> SOURCE INFORMATION:
◇ ◇ ◇

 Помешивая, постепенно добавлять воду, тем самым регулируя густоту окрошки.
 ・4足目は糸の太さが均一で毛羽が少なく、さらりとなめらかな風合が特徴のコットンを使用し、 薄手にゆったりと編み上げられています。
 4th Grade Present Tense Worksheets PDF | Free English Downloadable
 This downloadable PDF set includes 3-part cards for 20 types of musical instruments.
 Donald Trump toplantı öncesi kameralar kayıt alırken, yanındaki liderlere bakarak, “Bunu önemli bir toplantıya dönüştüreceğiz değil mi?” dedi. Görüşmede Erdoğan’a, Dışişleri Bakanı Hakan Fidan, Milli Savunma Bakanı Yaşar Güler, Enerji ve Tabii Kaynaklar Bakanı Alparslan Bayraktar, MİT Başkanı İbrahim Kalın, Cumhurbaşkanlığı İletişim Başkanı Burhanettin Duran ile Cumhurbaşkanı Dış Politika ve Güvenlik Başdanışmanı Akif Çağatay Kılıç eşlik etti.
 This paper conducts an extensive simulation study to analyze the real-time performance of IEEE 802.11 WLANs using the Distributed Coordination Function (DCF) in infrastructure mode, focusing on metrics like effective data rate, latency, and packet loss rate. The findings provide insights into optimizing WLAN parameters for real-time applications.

◇ ◇ ◇

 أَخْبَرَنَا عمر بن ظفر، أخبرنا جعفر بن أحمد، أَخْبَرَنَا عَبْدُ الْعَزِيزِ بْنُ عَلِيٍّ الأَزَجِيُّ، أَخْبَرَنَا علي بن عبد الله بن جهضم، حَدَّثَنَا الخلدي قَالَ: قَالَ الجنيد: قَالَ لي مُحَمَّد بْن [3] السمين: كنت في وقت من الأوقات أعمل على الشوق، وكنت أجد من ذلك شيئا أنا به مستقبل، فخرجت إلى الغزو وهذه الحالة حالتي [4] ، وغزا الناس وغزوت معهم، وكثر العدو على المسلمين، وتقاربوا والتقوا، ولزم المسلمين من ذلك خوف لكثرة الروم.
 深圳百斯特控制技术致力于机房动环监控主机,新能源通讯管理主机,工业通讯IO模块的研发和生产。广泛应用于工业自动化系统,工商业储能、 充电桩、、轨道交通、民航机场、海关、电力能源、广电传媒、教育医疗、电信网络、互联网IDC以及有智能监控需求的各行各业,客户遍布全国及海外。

◇ ◇ ◇

> TASK:
In the entries above, the lines from the one bearing "Помешивая, постепенно добавлять" up to and including the one bearing "Donald Trump toplantı" should be transcribed exactly; no other line is wanted.

> SOLUTION:
 Помешивая, постепенно добавлять воду, тем самым регулируя густоту окрошки.
 ・4足目は糸の太さが均一で毛羽が少なく、さらりとなめらかな風合が特徴のコットンを使用し、 薄手にゆったりと編み上げられています。
 4th Grade Present Tense Worksheets PDF | Free English Downloadable
 This downloadable PDF set includes 3-part cards for 20 types of musical instruments.
 Donald Trump toplantı öncesi kameralar kayıt alırken, yanındaki liderlere bakarak, “Bunu önemli bir toplantıya dönüştüreceğiz değil mi?” dedi. Görüşmede Erdoğan’a, Dışişleri Bakanı Hakan Fidan, Milli Savunma Bakanı Yaşar Güler, Enerji ve Tabii Kaynaklar Bakanı Alparslan Bayraktar, MİT Başkanı İbrahim Kalın, Cumhurbaşkanlığı İletişim Başkanı Burhanettin Duran ile Cumhurbaşkanı Dış Politika ve Güvenlik Başdanışmanı Akif Çağatay Kılıç eşlik etti.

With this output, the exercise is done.